Changes in thalamic volumes were also similar between OPERA and ORATORIO patients on Ocrevus since study start. However, in the first two years of the trials and compared with patients given Ocrevus from the start, relapsing MS patients initially on Rebif appeared to show a greater loss of thalamic volume than PPMS patients on a placebo (43% vs. 35%).

Arnold noted that this was consistent with an acceleration of thalamic atrophy when initiating interferon therapy, an effect known as pseudoatrophy — a rapid, short-term drop in brain volume over a few months when patients start an anti-inflammatory therapy.

This Rebif-associated pseudoatrophy appeared to be reversed after patients switched to Ocrevus, but thalamic volume never reached the values seen in patients continuously treated with Ocrevus.

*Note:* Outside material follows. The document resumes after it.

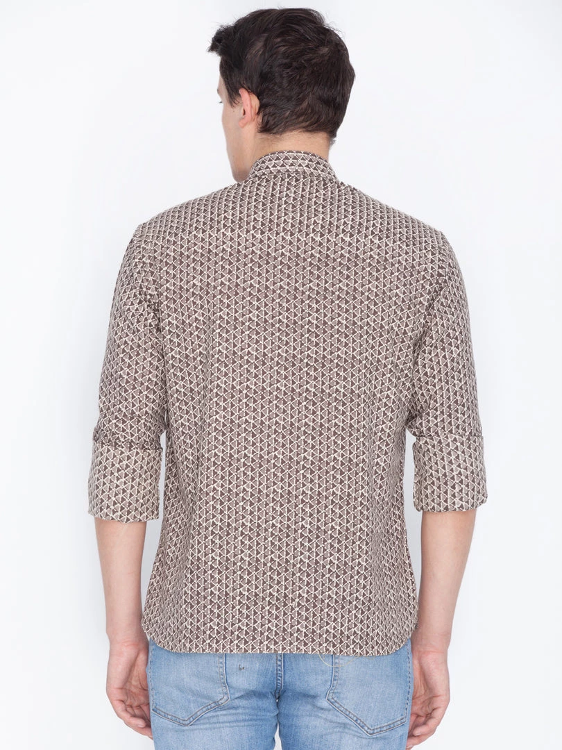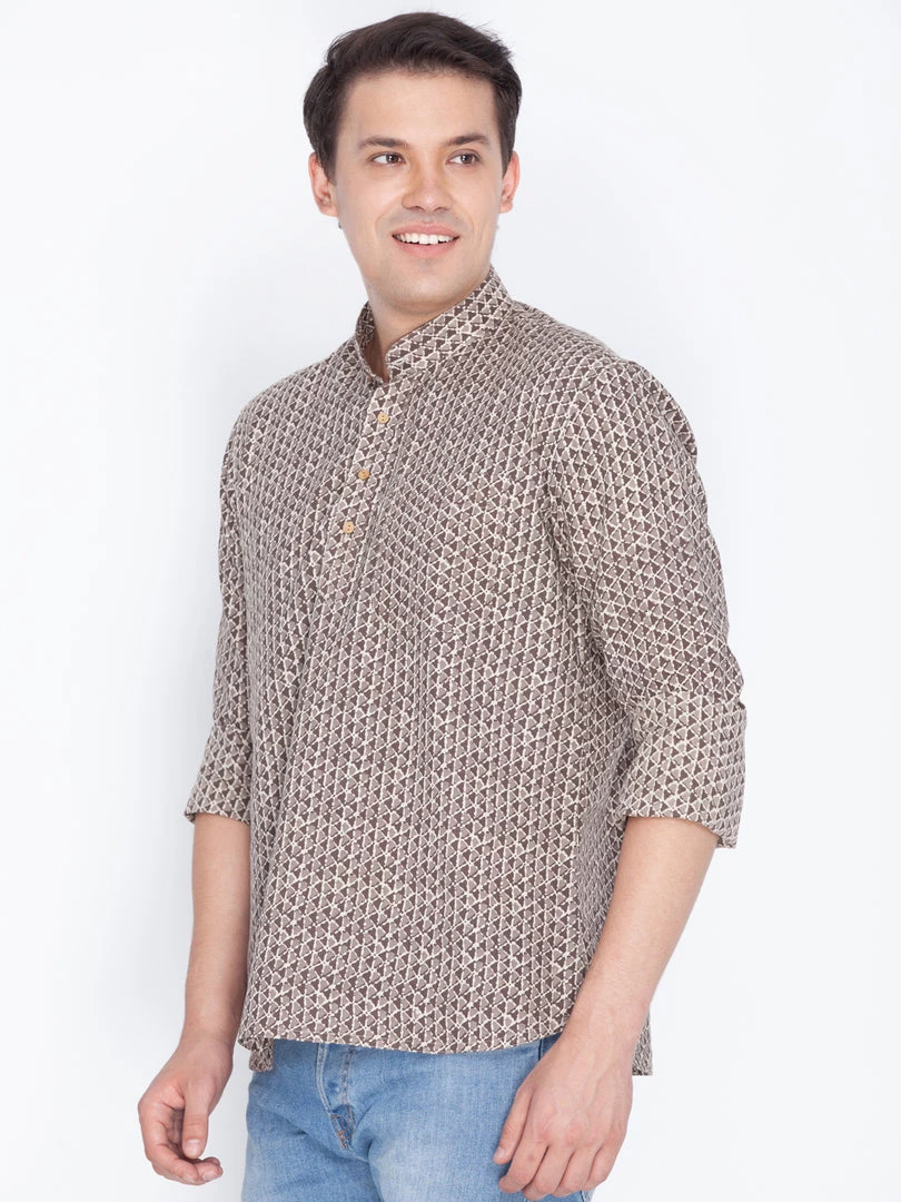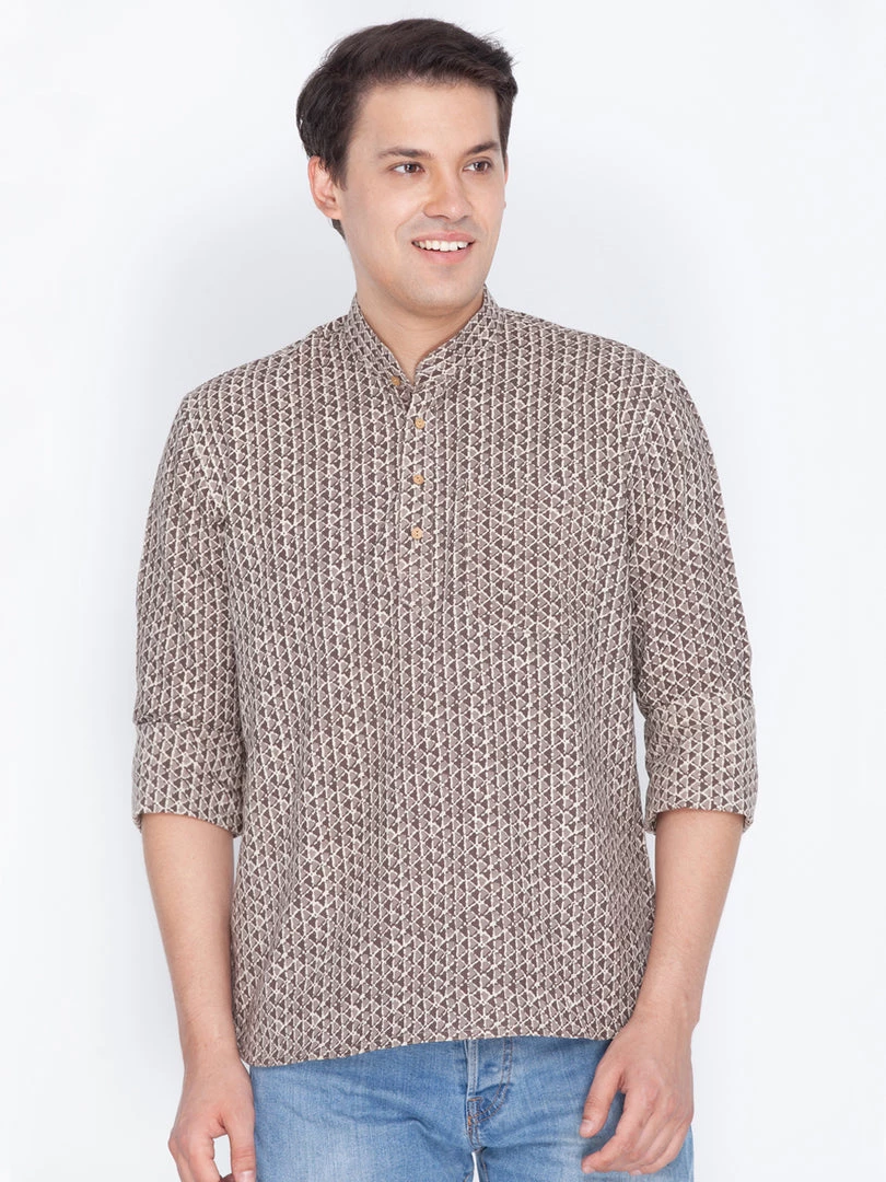 printed cotton kurta has a mandarin collar, a full button placket, sleeveless, above knee with straight hem

Overall, “in the open-label extension of the Phase 3 OPERA I and III and ORATORIO trials, patients with relapsing MS and PPMS who were initially randomized to [Ocrevus] experienced less thalamic volume loss compared with those initiating [Ocrevus] later,” Arnold said.

The team also found that baseline thalamic volume was significantly associated with different measures of disability progression in both the OPERA and ORATORIO trials.

Notably, relapsing MS patients with baseline thalamus volume lower than the median were significantly more likely to have confirmed disability progression during their trial’s first two years (the double-blind period) than those with larger thalamus. No similar association was found for PPMS patients in ORATORIO.

According to Arnold, these findings suggest that initial thalamic volume may be used to predict disability progression in people with relapsing forms of MS.